In editoria si dice spesso che il racconto come forma di scrittura funziona poco perché vende poco e perché i lettori sono più affezionati alle storie più corpose. Non è sempre così, anzi per Valeria Parrella non è affatto così. Fin dal suo esordio Mosca più balena l’autrice napoletana ci ha regalato storie brevi, intense e vere, con una penna e uno stile che l’hanno fatta arrivare immediatamente alle corde più sensibili dell’anima dei suoi lettori. L’abbiamo incontrata al Salone del Libro di Torino e abbiamo parlato con lei di racconto, scrittura, amore e della sua ultima raccolta di racconti Troppa importanza all’amore (Einaudi).
Come mai hai deciso di ritornare sul racconto breve?
Secondo me non sono racconti brevi. Credo che un racconto di 20 pagine non sia un racconto breve. Racconto breve è Racconto di Natale di Dino Buzzati, due pagine e mezzo. Ho deciso di tornare al racconto perché non me ne sono mai andata dal racconto, io scrivo sempre. Io scrivo tutti i giorni, in continuazione, e scrivo racconti. Poi ogni tanto mi fermo e scrivo una piece teatrale, un romanzo. Quando ho messo su un bel po’ di racconti mi è sembrato il momento di pubblicarli.
Nella nostra società odierna che vive un po’ tutto alla “Cotto e Mangiato”, il racconto è una forma di scrittura che potrebbe essere più adatta rispetto al romanzo?
Mi sembra un’ottima forma di lettura, anche per i ragazzi. Io sono una lettrice di racconti e a volte vado anche nelle scuole e ai ragazzi dico sempre di incominciare a leggere i racconti perché capisco che un romanzo possa spaventare. Io stessa sono spaventata dai romanzi grandi. Se so che arriva il nuovo Milan Kundera me lo leggo, ma se arriva l’esordiente di 400/500 pagine io forse non me lo metto davanti. Invece i racconti ci provo sempre: anche se c’è uno sconosciuto, il suo racconto me lo leggo lo stesso.
Quando Ammaniti ha scritto i suoi racconti, sottoponendoli al suo editore, diceva che non glieli pubblicavano perché “Il momento è delicato” (che poi è diventato il titolo di quella raccolta). E’ cambiato qualcosa nel panorama editoriale?
Non ho mai notato questa cosa. Io ho esordito con un libro di racconti che è andato benissimo. Il secondo libro pure ed è andato benissimo. Quando li ho voluti pubblicare con la grande casa editrice Einaudi, loro non hanno battuto ciglio quindi non è la mia esperienza.
Che cos’è l’amore davvero? Ne abbiamo bisogno?

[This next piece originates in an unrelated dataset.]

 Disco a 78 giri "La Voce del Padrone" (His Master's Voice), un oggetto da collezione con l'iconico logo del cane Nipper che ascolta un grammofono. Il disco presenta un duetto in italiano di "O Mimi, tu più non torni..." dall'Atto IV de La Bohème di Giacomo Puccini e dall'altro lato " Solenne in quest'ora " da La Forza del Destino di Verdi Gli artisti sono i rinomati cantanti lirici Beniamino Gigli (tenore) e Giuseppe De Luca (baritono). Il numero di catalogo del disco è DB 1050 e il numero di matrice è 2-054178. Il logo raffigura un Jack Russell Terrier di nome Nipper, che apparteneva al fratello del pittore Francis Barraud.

Sì, certo. Non si può vivere senza amore. Io ne parlo molto in due dei racconti di questa raccolta. In Behave il protagonista è un marinaio di Liverpool che dice “tienimi alla giusta distanza da quelli che amo, oddio cazzo” e quindi dà tanta imporanza all’amore, anche se penso sia opportuno trovare la giusta distanza; nel racconto Troppa importanza all’amore, che dà titolo alla raccolta, invece c’è una ragazza che dà troppa importanza all’amore. Non bisogna escludere l’amore dalla propria vita ma dargli la giusta importanza.

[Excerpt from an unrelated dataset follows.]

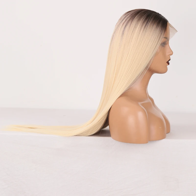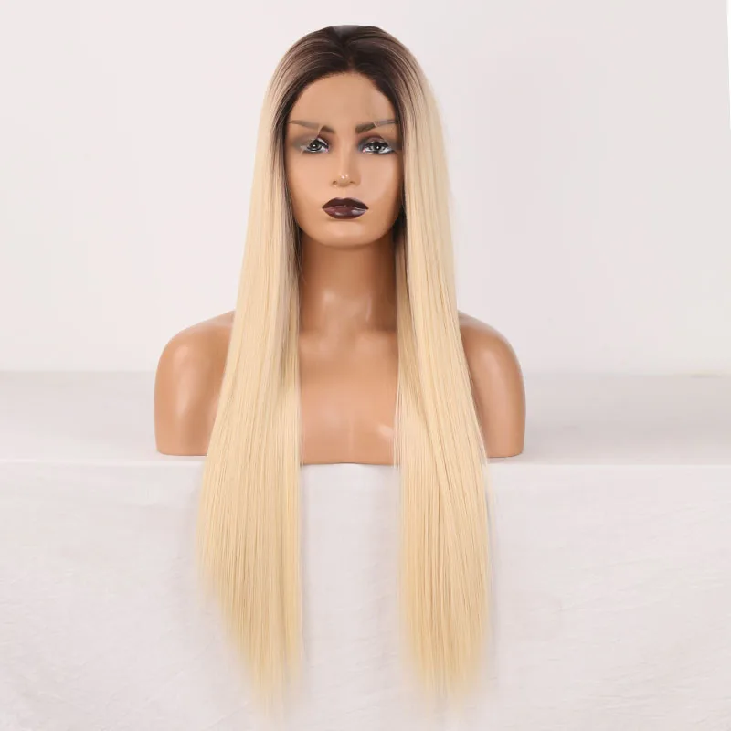 Парик из синтетического кружева с коричневыми корнями, длинные шелковистые прямые волосы, парики для женщин, парики для косплея

Perché fa così paura l’amore?
A me no personalmente, io mi sono sempre innamorata. Mi butto io nell’amore, è bello l’amore. Non ho paura di soffrire per amore, ma per malattia e morte. Non per amore. Forse la paura è una cosa un po’ più giovanile, dopo non hai più paura di soffrire per amore.

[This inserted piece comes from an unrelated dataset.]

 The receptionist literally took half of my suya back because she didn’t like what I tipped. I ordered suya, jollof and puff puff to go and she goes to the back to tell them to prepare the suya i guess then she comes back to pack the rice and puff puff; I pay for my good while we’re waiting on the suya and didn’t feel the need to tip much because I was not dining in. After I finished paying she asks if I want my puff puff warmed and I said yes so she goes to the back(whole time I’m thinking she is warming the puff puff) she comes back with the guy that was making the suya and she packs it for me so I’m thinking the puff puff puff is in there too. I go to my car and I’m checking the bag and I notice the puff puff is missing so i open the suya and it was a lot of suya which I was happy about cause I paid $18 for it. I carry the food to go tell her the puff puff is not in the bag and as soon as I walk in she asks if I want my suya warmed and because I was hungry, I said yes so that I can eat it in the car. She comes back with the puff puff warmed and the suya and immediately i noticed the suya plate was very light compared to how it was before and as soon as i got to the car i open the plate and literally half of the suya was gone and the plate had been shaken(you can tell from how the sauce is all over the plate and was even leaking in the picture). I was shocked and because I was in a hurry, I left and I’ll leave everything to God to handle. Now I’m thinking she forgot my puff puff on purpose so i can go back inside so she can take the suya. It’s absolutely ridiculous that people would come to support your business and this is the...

Sei molto schietta nella tua scrittura. Non sentimentalismo ma sentimento. Se qualcuno deve provare un sentimento lo prova, senza dilungarsi o perdersi troppo. E’ così?
Nella scrittura dei racconti sì perché mi dà la possibilità di causticità che altrimenti non si trova. Dire in maniera diretta le cose significa cercare di condensarle il più possibile. Se ci metto 10 minuti a spiegarti una cosa magari con una bella descrizione forse ci sto girando intorno… Se uno ha le idee chiare è anche il modo rapido nel dirle.
Quindi è proprio la forma di scrittura che lo richiede…
Sì, è la forma di scrittura che lo facilita direi.
Ti sei curata del lettore o hai scritto solo qualcosa che ti sarebbe piaciuta leggere?
Io sono una lettrice di racconti, è sempre tutto riferito a me, mai agli altri. Sono un’egoista (ride).